How to iterate through complex JSON objects.

classic Classic list List threaded Threaded
11 messages Options
Reply | Threaded
Open this post in threaded view
|

How to iterate through complex JSON objects.

shweta
Hi All,

I have a JSON which looks as following:-

item[{
    "tags": ["Java","Hadoop","nimbus"]
    "id": "2233"
    "title": "testing with Java"
    "comments":[{"post_id":"2233","body":"try option1"} , {"post_id":"2233","body":"try option2"} , {"post_id":"2233","body":"try option3"}]},

{
    "tags": ["Java","Hadoop"]
    "id": "2232"
    "title": "testing with Java"
    "comments":[{"post_id":"2232","body":"try option1"} , {"post_id":"2232","body":"try option2"} , {"post_id":"2232","body":"try option3"},

{
    "tags": ["Java"]
    "id": "2231"
    "title": "testing with Java"
    "comments":[{"post_id":"2231","body":"try option1"} , {"post_id":"2231","body":"try option2"} , {"post_id":"2231","body":"try option3"}
]

I need to convert the JSON to CSV.

Id                     Tags                                  Title                                        Body

2233  , <java><Hadoop><Nimbus>  ,   "testing with Java"   ,  <"try option1"><"try option2"><"try option3">

2232  , <java><Hadoop>  ,   "testing with Java"   ,  <"try option1"><"try option2"><"try option3">
.
.
I used a combination of EvaluateJSONPath and Replace Text for the same.  First issue I'm facing is in parsing an array (Tags and Body). I couldn't figure out how can iterate over the array of JSON values.

For Simplicity sake I configured EvaluateJSONPath with values shown in the image:-

EvaluateJSONPath_properties

and Replace Text processor with
Regex expression as [\S\s]+ and Replacement Values as "${Body}","${Tags},"${Post_id}","${Title}".
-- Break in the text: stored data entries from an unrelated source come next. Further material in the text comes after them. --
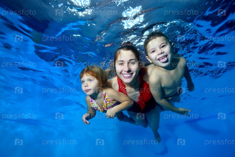 Спортивная семья: улыбающаяся мать и двое ее маленьких детей плавают под водой в бассейне
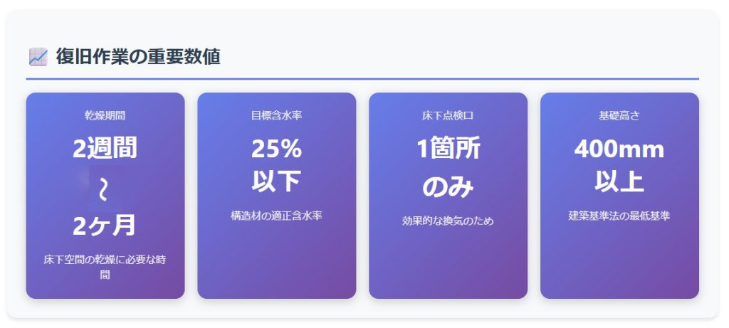 水の排出後、最も重要なのが乾燥作業です。高湿度状態のまま放置すると、カビの発生や木材の腐朽が進行します。
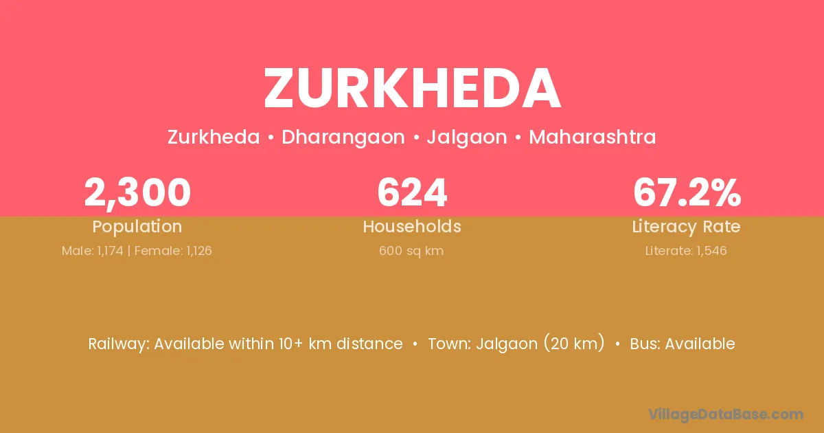 Jalgaon (20 km) is the nearest town to Zurkheda village for major economic activities and is located approximately 20 km away.
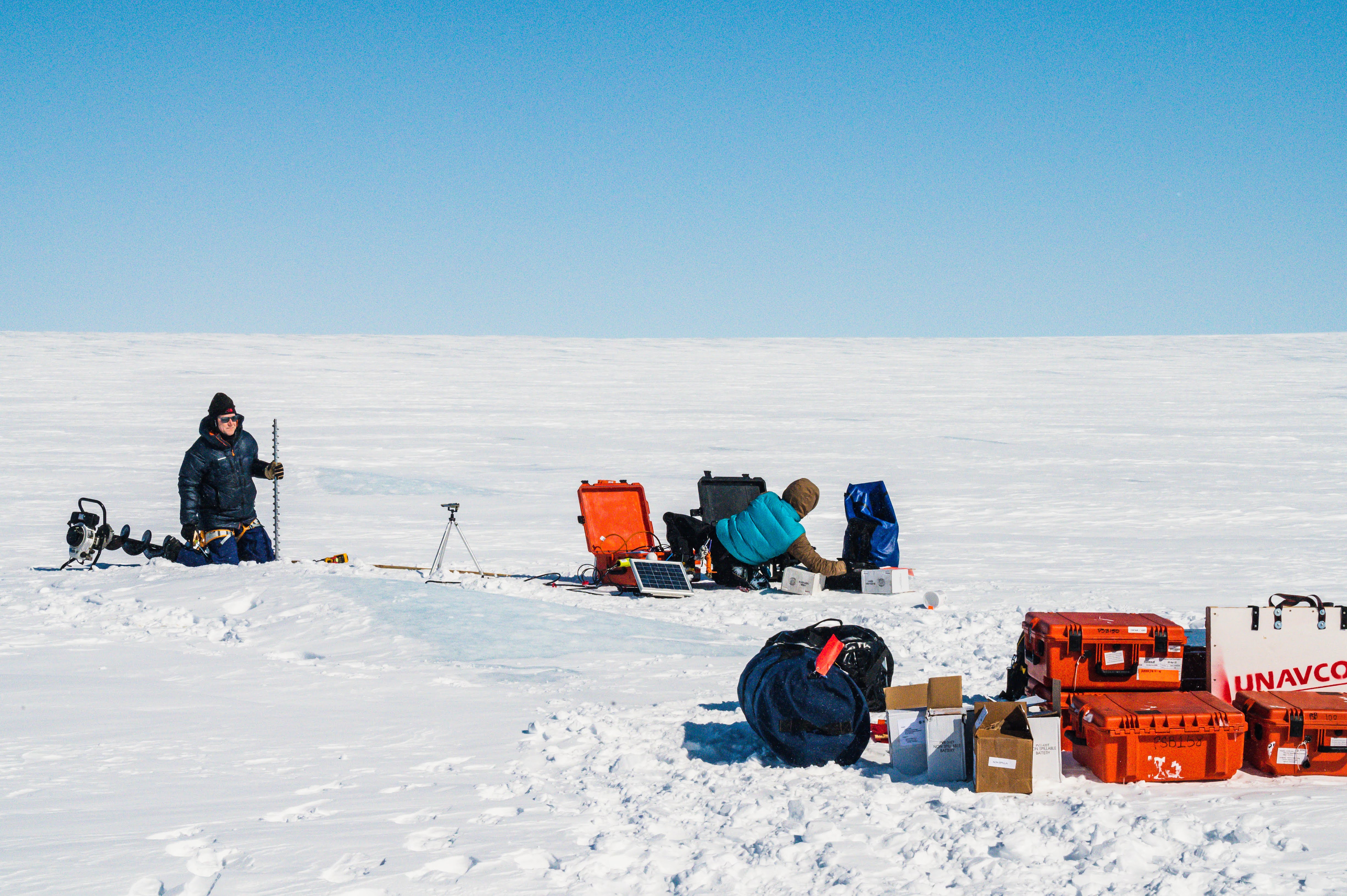 Members of the Greenland Subglacial Tremor Project team set up equipment on the ice of the western Greenland Ice Sheet.
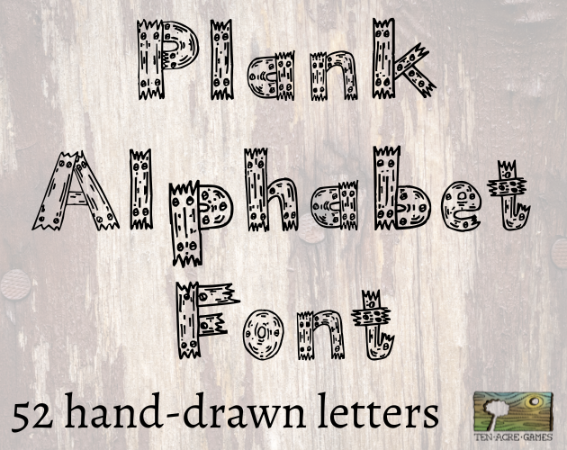 Plank Alphabet is illustrated by Catherine Lashbrooke and distributed by Ten Acre Games. The font is licensed under the Creative Commons No Rights Reserved licence (CC0) - you may use this font in any way you like without attribution, although acknowledging Ten Acre Games would be greatly appreciated.
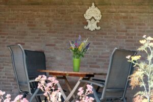 Dat er zo’n diepe tuin achter dit huis zit, verwacht je niet. De achtertuin is bijna 50 meter diep en biedt dus volop mogelijkheden voor tuinieren, speeltoestellen of gezellige zitjes. Dankzij de hoge heg heb je hier alle privacy die je nodig hebt. De huidige bewoners genieten enorm van de overkapping: hier kun je tot in de late uurtjes heerlijk beschut zitten. Ook hebben ze een prachtige bloemenzee aangelegd waar volop vlinders en andere insecten op afkomen.

It works for single record.

Can you please provide pointer how to iterate through value of arrays.

Thanks,
Shweta




Reply | Threaded
Open this post in threaded view
|

Re: How to iterate through complex JSON objects.

Joe Percivall
Hello Shweta,

Where did you get that JSON? I ask because it's not valid. I put it in a JSONPath evaluator[1] and cleaned it up:


{
"item":[
{
"tags": ["Java","Hadoop","nimbus"],
"id": "2233",
"title": "testing with Java",
"comments":[{"post_id":"2233","body":"try option1"} ,
{"post_id":"2233","body":"try option2"} , {"post_id":"2233","body":"tryoption3"}
]
},

{
"tags": ["Java","Hadoop"],
"id": "2232",
"title": "testing with Java",
"comments":[{"post_id":"2232","body":"try option1"} ,
{"post_id":"2232","body":"try option2"} , {"post_id":"2232","body":"tryoption3"}
]
},

{
"tags": ["Java"],
"id": "2231",
"title": "testing with Java",
"comments":[{"post_id":"2231","body":"try option1"} ,
{"post_id":"2231","body":"try option2"} , {"post_id":"2231","body":"tryoption3"}
]
}
]
}

You were missing the proper beginning and some commas.

As for "iterating" over them you want to use the "*" path operator like such:

$.item.*.id

This path returns the ids for each item:

'0' => "2233"
'1' => "2232"
'2' => "2231"


[1] http://jsonpath.com/
Let me know if you have any other issues,
Joe
 - - - - - -
Joseph Percivall
linkedin.com/in/Percivall
e: [hidden email]




On Monday, December 14, 2015 12:57 PM, shweta <[hidden email]> wrote:
Hi All,

I have a JSON which looks as following:-

item[{
    "tags": ["Java","Hadoop","nimbus"]
    "id": "2233"
    "title": "testing with Java"
    "comments":[{"post_id":"2233","body":"try option1"} ,
{"post_id":"2233","body":"try option2"} , {"post_id":"2233","body":"try
option3"}]},

{
    "tags": ["Java","Hadoop"]
    "id": "2232"
    "title": "testing with Java"
    "comments":[{"post_id":"2232","body":"try option1"} ,
{"post_id":"2232","body":"try option2"} , {"post_id":"2232","body":"try
option3"},

{
    "tags": ["Java"]
    "id": "2231"
    "title": "testing with Java"
    "comments":[{"post_id":"2231","body":"try option1"} ,
{"post_id":"2231","body":"try option2"} , {"post_id":"2231","body":"try
option3"}
]

I need to convert the JSON to CSV.

Id                     Tags                                  Title                                      
Body

2233  , <java><Hadoop><Nimbus>  ,   "testing with Java"   ,  <"try
option1"><"try option2"><"try option3">

2232  , <java><Hadoop>  ,   "testing with Java"   ,  <"try option1"><"try
option2"><"try option3">
.
.
I used a combination of EvaluateJSONPath and Replace Text for the same.
First issue I'm facing is in parsing an array (Tags and Body). I couldn't
figure out how can iterate over the array of JSON values.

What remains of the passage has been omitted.